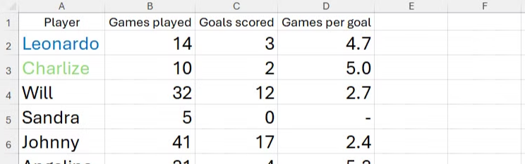 Angelina의 경기당 득점 합계를 더블 클릭하면 이렇게 표시됩니다. 안젤리나의 모든 통계를 보여주는 새 시트입니다. 이는 개별화된 보고서를 만드는 데 유용합니다.
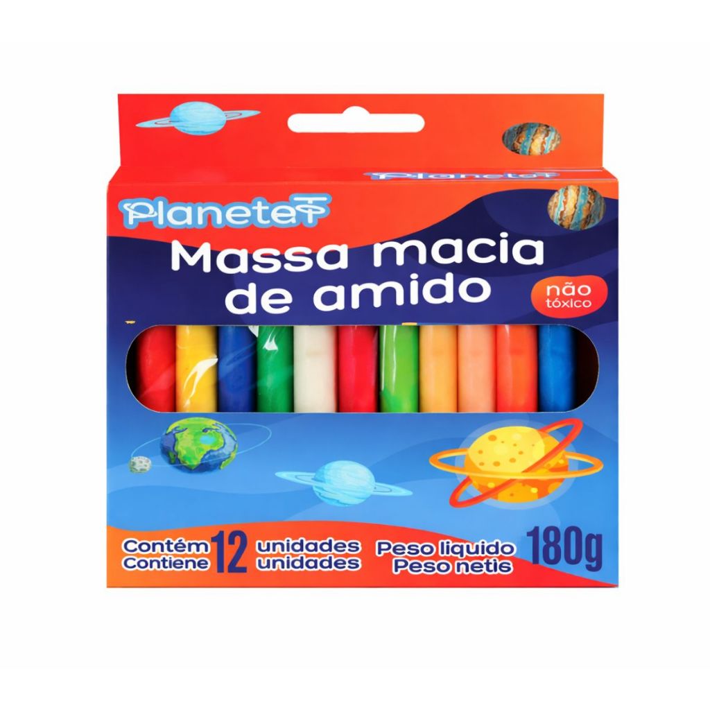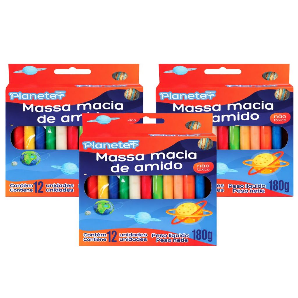 Massinhas de Modelar 12 Cores 180g Colorida Material Escolar Massa de Amido Escolar Arte
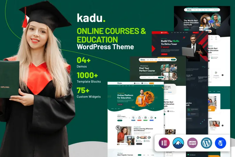 Kadu – Education WordPress Theme là lựa chọn hoàn hảo dành cho các website giáo dục, đào tạo với thiết kế chuyên nghiệp, dễ dàng tùy chỉnh và tích hợp nhiều tính năng mạnh mẽ. Theme hỗ trợ cài đặt demo chỉ với một click, tương thích hoàn hảo với WordPress 6.0+ và được xây dựng dựa trên Elementor Drag & Drop Page Builder giúp việc tạo lập trang trở nên nhanh chóng và trực quan.

[WORK ITEM]
Reprint all the data above verbatim, excluding pictures.

[RESPONSE TO THIS EXERCISE]
 Angelina의 경기당 득점 합계를 더블 클릭하면 이렇게 표시됩니다. 안젤리나의 모든 통계를 보여주는 새 시트입니다. 이는 개별화된 보고서를 만드는 데 유용합니다.
 Massinhas de Modelar 12 Cores 180g Colorida Material Escolar Massa de Amido Escolar Arte
 Kadu – Education WordPress Theme là lựa chọn hoàn hảo dành cho các website giáo dục, đào tạo với thiết kế chuyên nghiệp, dễ dàng tùy chỉnh và tích hợp nhiều tính năng mạnh mẽ. Theme hỗ trợ cài đặt demo chỉ với một click, tương thích hoàn hảo với WordPress 6.0+ và được xây dựng dựa trên Elementor Drag & Drop Page Builder giúp việc tạo lập trang trở nên nhanh chóng và trực quan.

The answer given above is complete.